After a 35 year hiatus from building a model I purchased the Airfix 1/48th scale JU-87B today. I have been thinking about it for some time and reading the modelling posts here got the juices flowing.

It will take some time as I have to re-acquire many of the "tools of the trade" but I am looking forward to the venture.

I will be finishing it in a desert c/s but will not be in a rush. I am off to Florida in March and will be looking in hobby shops there especially for an airbrush as they are so freaking expensive here in my part of Canada. Pretty small market I guess.

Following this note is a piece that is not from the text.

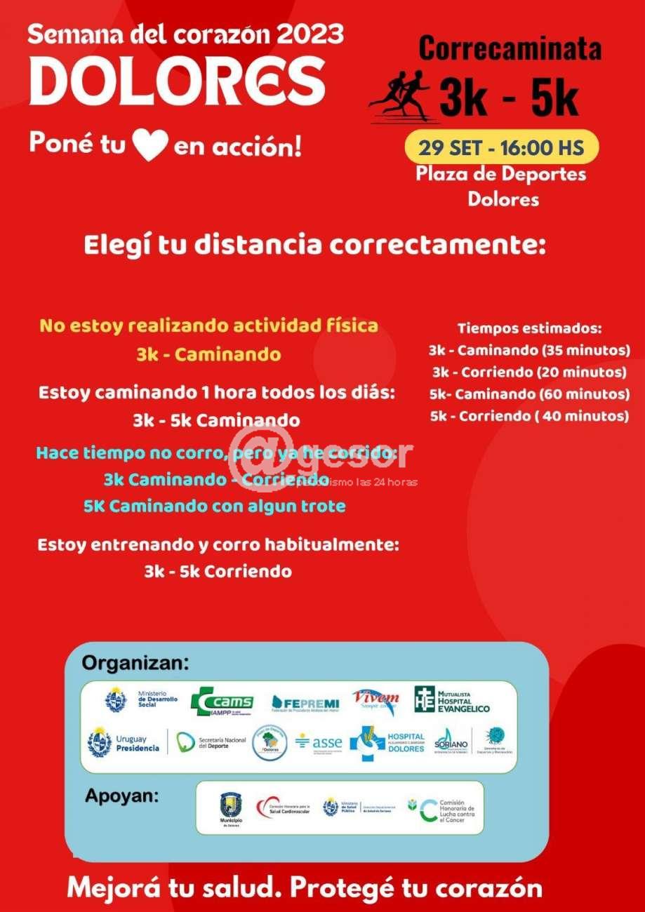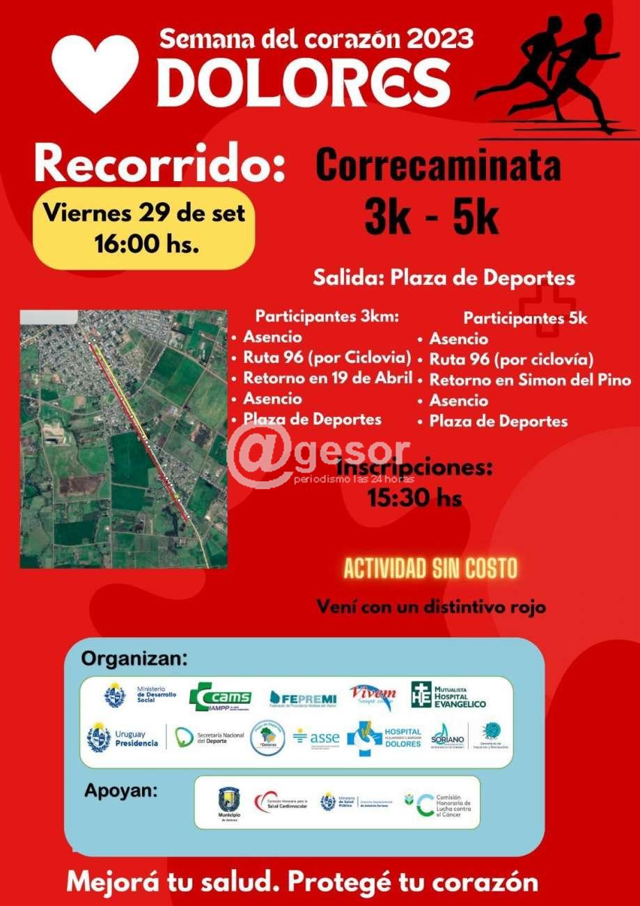 Este viernes 29 de setiembre, en el marco de la Semana del Corazón desde las 16.00 horas en Dolores, se realiza Correcaminata de 3k y 5k con punto de salida desde la plaza de Deportes, invitándose a los participantes a concurrir con distintivo de color rojo.

I will be reading up on more tips and if it turns out half as$^ed I will share some pics at a later date.

Cheers,

Jeff


----------



## Wurger (Jan 19, 2014)

More tips ???? Oh, oh.... won't go to Florida in March , make the model.


----------



## N4521U (Jan 19, 2014)

The puddle is full of Toe Dippers, how did you ever find a spot??????

There is a thread for "tools" we use. Someone will know where it is.
Welcome.

***If you open this link it will take you to many threads for tools and tips!
http://www.ww2aircraft.net/forum/questions-kits-decals-tools-pilots/


----------



## Vic Balshaw (Jan 19, 2014)

G'don ya Jeff and welcome home, nice to see people return to the fold and you've plenty of building time between now and March and getting that airbrush. So how about it!


----------



## meatloaf109 (Jan 20, 2014)

A most sincere "welcome back to the hobby"!
If you need any help, don't wait, there are many of us ready to give insights into the fine of mod


----------



## Lucky13 (Jan 20, 2014)

Since today is after yesterday, it's a later date so, _where's the pics!?_

Welcome home J!


----------



## Wayne Little (Jan 20, 2014)

Good on ya Jeff!


----------



## Airframes (Jan 20, 2014)

Good stuff Jeff. The old Airfix Ju87 kit is still fairly good after 30+ years. There might be some minor fit issues these days, but otherwise it's a straightforward kit.


----------